Building an Interdisciplinary Digital Humanities/New Media Community in the Deep South

I have been fortunate to attend a few THATCamps connected to academic conferences for historians, and I have wanted to work with others to create a THATCamp (and, we hope, a series of unconferences) rooted in New Orleans and the Gulf Coast region. UNO and USM folk from various backgrounds started to collaborate on digital projects several years ago via content development for the Hurricane Digital Memory Bank, whose project funding birthed the precursor to Omeka. Therefore, we sought to begin the process of making connections and building a community that transcends the typical borders separating people engaged in digital projects.

One of the best features of THATCamps is their ability to facilitate interdisciplinary exchanges. The conversations that take place when librarians, archivists, museum curators, graduate students, K-12 faculty, public historians, humanities faculty, and others gather together are invaluable. I hope our first gathering will help us to develop a supportive community. I had the pleasure of teaching history and writing classes in a computer classroom starting in 1993 and presenting at Computers & Writing in 1997, so I know how much good comes from getting out of disciplinary ruts or sinkholes.

Maybe we will come up with some solutions to a few of the common problems facing most who work on noncommercial digital projects in the Deep South:

*lack of funding and/or the constant threat of losing meager funding sources;

*lack of administrative support, including attention to key issues such as time & labor & technical support; and

*lack of interest and/or respect for non-commercial digital work, regardless of whether it’s presented as “digital humanities” and if DH’s time as the latest academic fad may seem to have come (and gone).

The arrival of Gena Chattin and Jennifer Jackson on UNO’s campus in concert with the long-term interest shown by Jeanne Pavy and others at UNO as well as Jeanne Gillespie and Diane Ross on USM’s campus have served as the catalyzing energies that have allowed us to move forward. More recently, UNO’s History Department has partnered with Vicki Mayer in Tulane’s Communication Department for a mobile history (ios and Android or Google Play) project using omeka known as neworleanshistorical.org.

Let’s begin to collaborate to build a more effective DH community.

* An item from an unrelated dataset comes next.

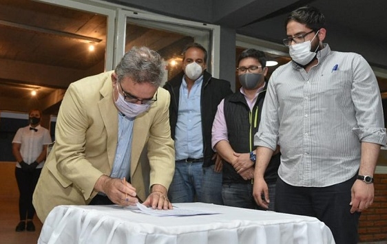 “Se financiará la construcción del Frigorífico Avícola de pollo fresco donde tendrán la faena y toda la línea de producción para el departamento”, expresó Emilio Ramaci, secretario de Desarrollo Productivo, respecto al documento firmado.

Categories: Administrative, Collaboration, Funding, Project Management, Session Proposal, Your Categories Are Inadequate |

About Michael Mizell-Nelson

Interests: digital projects; New Orleans & Louisiana history; public history; documentary video production; labor and food history; 20th century US history.

1 Response to Building an Interdisciplinary Digital Humanities/New Media Community in the Deep South

  1. Vicki Mayer says:

    Yea! I’d love to see even a semesterly meeting group with notes online so others can see all the projects out there in Nola. To the last point, has DH come and gone, I’d say NO! It’s a fuzzy concept, MOOCs and all, but it is here to stay. I was just in Toronto for a DH meeting of about 1000 people from everywhere. I think the key for New Orleans is to not go at it alone, to pool those resources, whether time or money. I’ll be there for sure!